I have found the following exercise just solved, but I haven't understood some steps...

[tex]f(t)=\begin {cases}1, t\in [-1,1] \\ 0, t\not \in [-1,1]\end{cases}[/tex]

We have to do the convolution [tex]f*f=\int^{+\infty}_{-\infty}f(\tau)f(\tau)f(t- \tau) d\tau=\int^{+1}_{-1}f(t- \tau) d\tau [/tex]

**2. The suggested solution is:**

We know that [tex] -1\ge t-\tau \le 1[/tex] and [tex] -1\ge \tau \le 1[/tex]

so we can write: [tex]f*f=\begin {cases}0, t<-2\\?, t \in[-2,0]\\?,

> t\in[0,2]\\0, t>2 \end {cases}[/tex]

1) If [tex]t<0 \rightarrow t+1>-1 \rightarrow t>-2[/tex]

Thus [tex]f*f=\int_{-1}^{t+1}dt=t+2[/tex]

2) while if [tex]t>0 \rightarrow t+1>-1 \rightarrow t>-2[/tex]

Thus [tex]f*f=\int_{t-1}^{1}dt=2-t[/tex]

**3. My doubts:**

1) I don't understand why the last two integrals are in "dt", while in the first integral the integration variable is [tex]\tau[/tex].. I have thought to a typing error, but I'm not sure

2) I haven't understood in which way the condition on t are chosen (i.e. [tex]t<0 \rightarrow t+1>-1, if t>0 \rightarrow t-1<1[/tex]).
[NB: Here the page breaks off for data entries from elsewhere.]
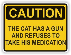 The cat has a gun and refuses to take his medications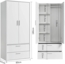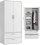Der mokebo Kleiderschrank Der Kleiderheld ist ein stilvoller und funktionaler Schrank, ideal für Ihr Schlafzimmer oder als Garderobenschrank. Mit zwei Türen und zwei Schubladen bietet er ausreichend Stauraum. Die variable Einlegeböden und die Kleiderstange ermöglichen eine individuelle Anpassung. Der Schrank ist aus hochwertigem Holzwerkstoff in Weiß gefertigt und überzeugt durch seine pflegeleichte Oberfläche.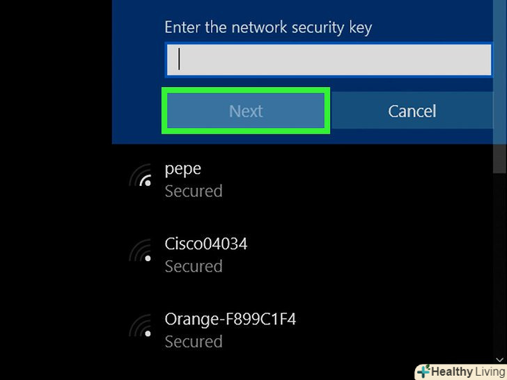 Клацніть поДалі.ця опція знаходиться під полем з паролем. Комп'ютер спробує підключитися до мережі.- Якщо пароль невірний, введіть його ще раз.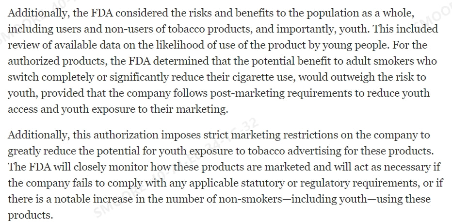 FDA对客户产品安全、减害、青少年保护等方面的认可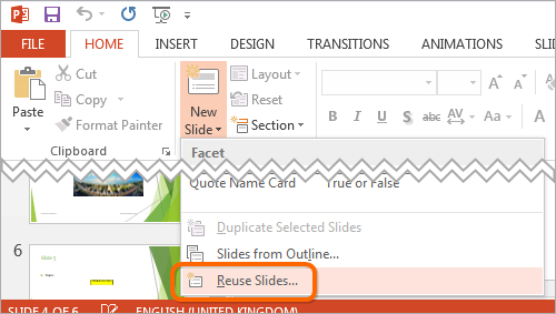 Step 4. Select Reuse Slides or Insert Slides from File.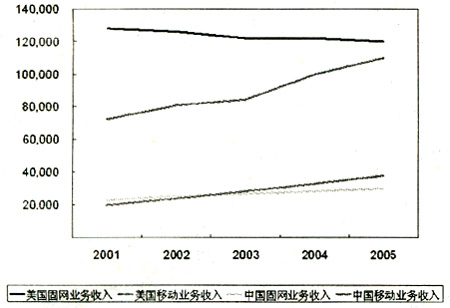 美國(guó)與中國(guó)固網(wǎng)與移動(dòng)業(yè)務(wù)收入比較(單位:百萬美元)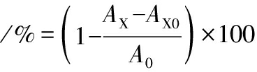 式中:A0,空白对照的吸光值;AX,加样品的吸光值;AX0,消化液+无水乙醇(不含ABTS)组吸光值。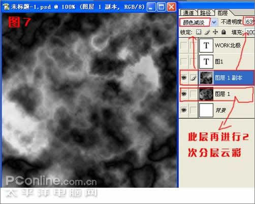 B:将背景层复制一层,改变图层属性为"线性减淡",并调整合适的不透明度;选择背景层CTRL F两次进行滤镜重复,得到图的效果。如图7。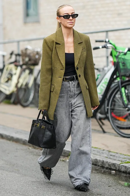 Вряд ли что-то сочетается с серым лучше, чем приглушенные, теплые земляные тона. Самый простой способ создать такой образ с серыми джинсами — это, безусловно, сочетать их с оливково-зеленым, кофейно-коричневым или темно-бежевым блейзером или тренчем. Все, что тебе еще понадобится — несколько нейтральных базовых вещей (например, черная рубашка или топ и черная кожаная сумка) — и у тебя получится трендовый образ для весны 2026 года.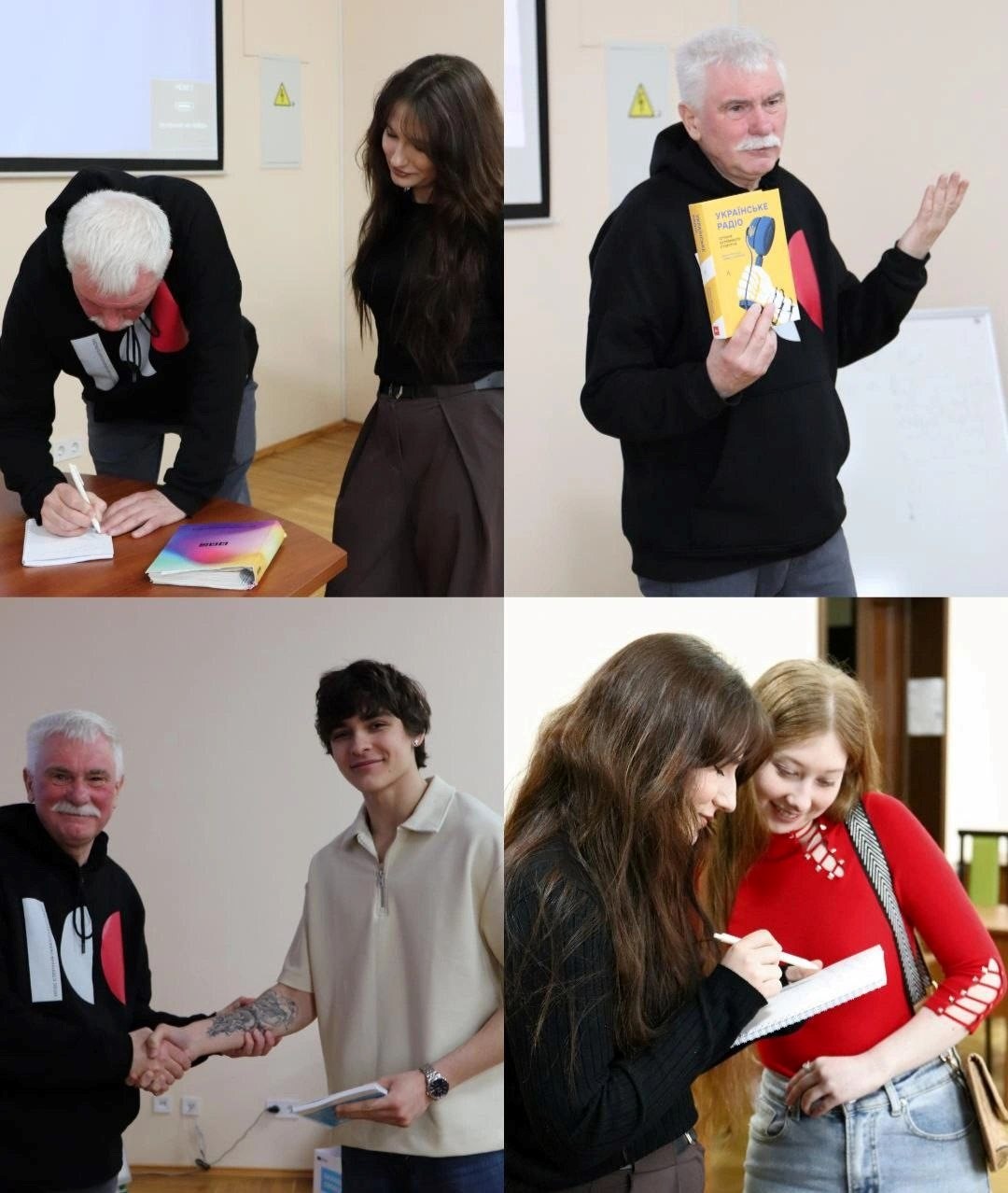 Студенти поставили лекторові багато питань, просили висловити свої пропозиції і побажання щодо удосконалення роботи студентських «Радіо 212» і телеканалу «Свій НУБіП». Найактивніші — Іванна, Ангеліна і Тарас — отримали символічні призи — чашку і блокноти з емблемами Суспільного Мовлення. А кафедрі журналістики та мовної комунікації В’ячеслав КОЗАК подарував книгу «Українське радіо»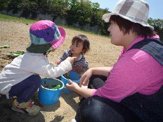 赤ちゃんたちもベビーカーにのって、おさんぽできるようになりました。あたたかい日差しに、思わず眠くなってしまうこともありますが、気持ちよくおしゃべりしながら、カタコトとベビーカーに揺られ満足そうなちびちゃんたちです。土手にはからすのえんどう、ぶたな・・・たんぽぽはそろそろ綿毛になって、ようやく春本番。まだまだ、初夏というには肌寒い今年ですが、空はきれいな青、とんびが大きく輪をかいています。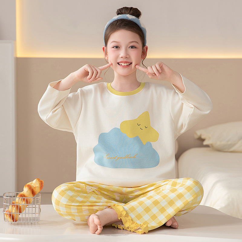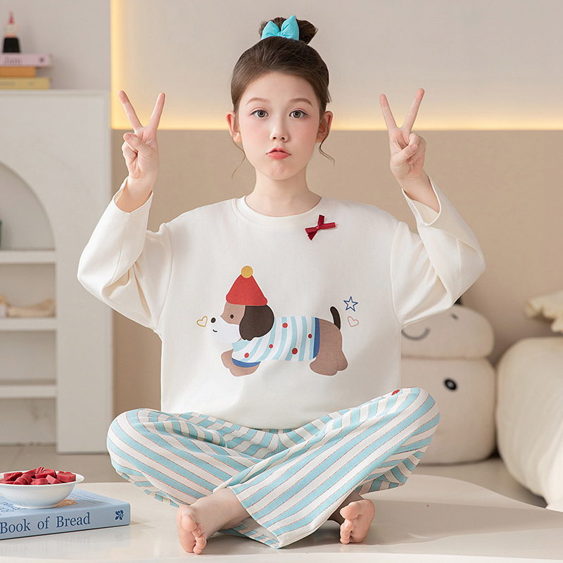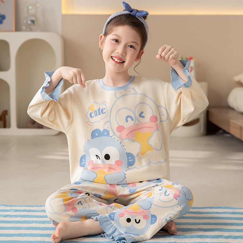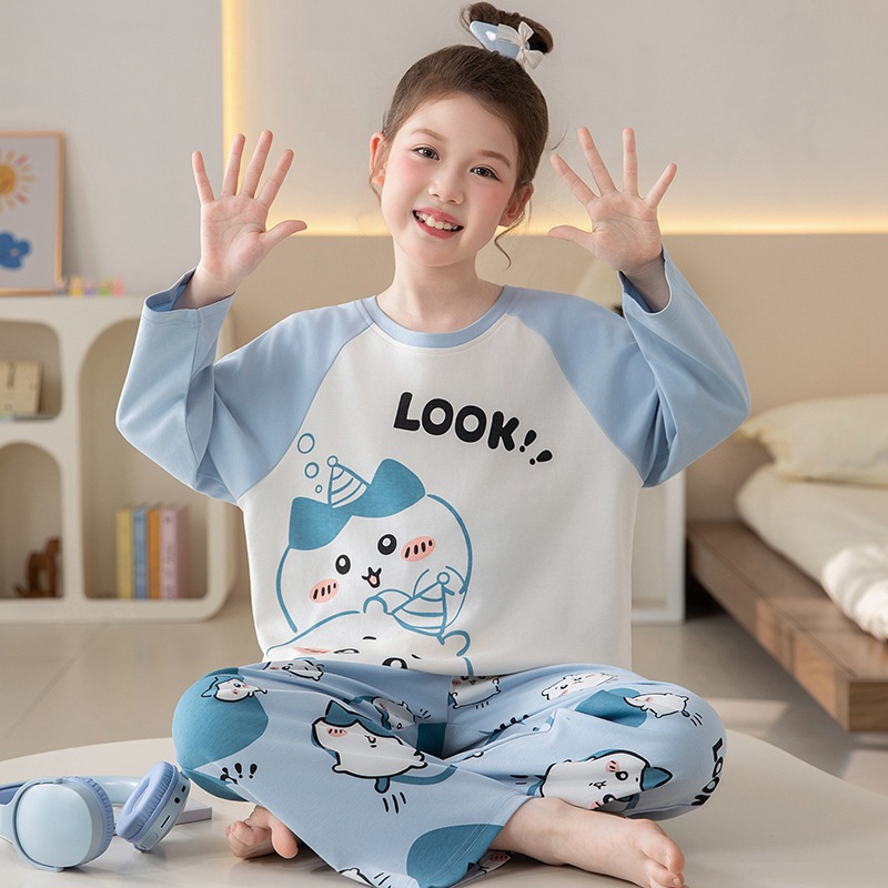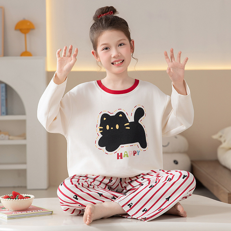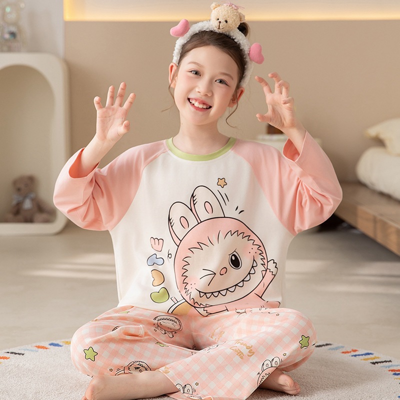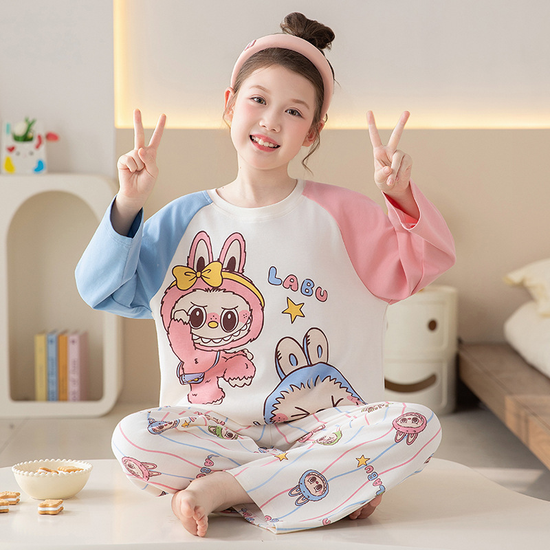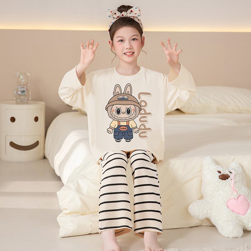 쿠로미 순면 아동 잠옷 여아 가을 라운드넥 긴팔 만화 캐릭터 중대형 어린이 공주 소녀 홈웨어 12

They are "true", but I haven't understood why they are put in this way and not in another one.

3) I haven't understood in which way the "extremes" of integration are chosen. I suspect that there is a trick, but I'm not sure..

4) There is another way to carry on the correct result?

A lot of thanks!